Friday, January 4, 2002 West Indies was once a proud cricket team, strutting the international stage without fear. All that has changed. The West Indians now cower at the prospect of an overseas tour and blink in the glare of the mildest adversary. In Sri Lanka, they showed that one man, however great, does not make a team. Without that one man it is difficult to find words to describe them or their prospects.

On their last visit to Pakistan in 1997-98, West Indies handed Wasim Akram's team one of the greatest victories in Pakistan's history: a 3-0 whitewash of a once-mighty team. Pakistan were then at the height of their internal strife over match-fixing and betting; Waqar's Pakistan are a far more cohesive outfit. Worse still, the team Courtney Walsh led to Pakistan four years ago would probably thrash the current crop from Sharjah to Morocco. The two sides are due to meet again in February, and another whitewash is a real possibility.

That West Indies no longer have the skill to compete with the best is a shame in itself, but a bigger one is that they no longer have the stomach for a fight. This is evident in the way that they have surrendered match after match in recent years — and now in their doubts over touring Pakistan.

The world has moved on since New Zealand pulled out of their tour of Pakistan, and England dithered over touring India. Afghanistan is now as peaceful as it has been for the last 20 years and to pull out of a tour of Pakistan because of the Afghan war is bordering on farce. West Indies' real concern, you might argue, should be the escalation in tension over Kashmir. This is genuine if war does break out — but even then the West Indians are unlikely to be targeted. But there is no war at present and the political rhetoric is softening as expected. All in all, Wes Hall's statement that West Indies would not tour Pakistan was hasty and ill-considered.
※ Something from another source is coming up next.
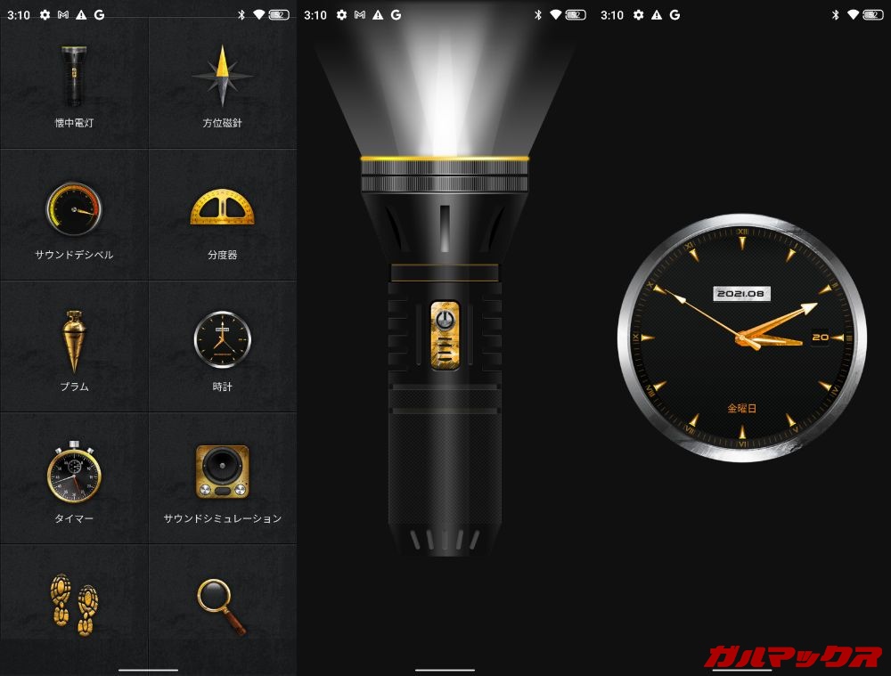 ▼ツールボックスがアンティークって感じなUIデザインになってるのが特徴的。黒に金ってカラーリングはカッコいい!贅沢言うならMIUIとかOne UIみたいな完全独自カスタマイズOSだったら面白かったけど、労力もコストも半端ないし仕方ないっすね。↓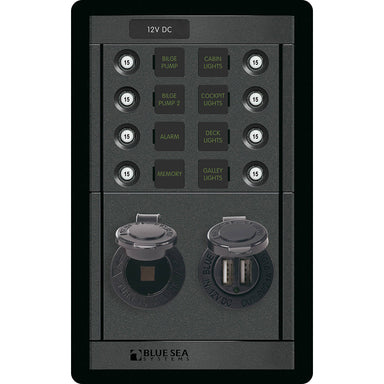 1498 - 360 Panel - 8 Position 12V Panel with Dual USB & 12V SocketPart of the Blue Sea Systems Battery Management Panels. This DC Branch Circ...

In contrast, England have confirmed that they will return to India despite the threats of war. This suggests that the West Indies' concerns are out of touch with reality. Indeed West Indies should take a leaf out of England's book: agree to tour but give players the option of staying at home if they are not prepared to take the risk. It is hard to imagine that the West Indies in their pomp would have shied away from this tour. Instead their hesitancy is another mark of a once-great cricket nation in pitiful decline.

Kamran Abbasi, born in Lahore, brought up in Rotherham, is assistant editor of the BMJ. His Asian View appears on Fridays on Wisden.com.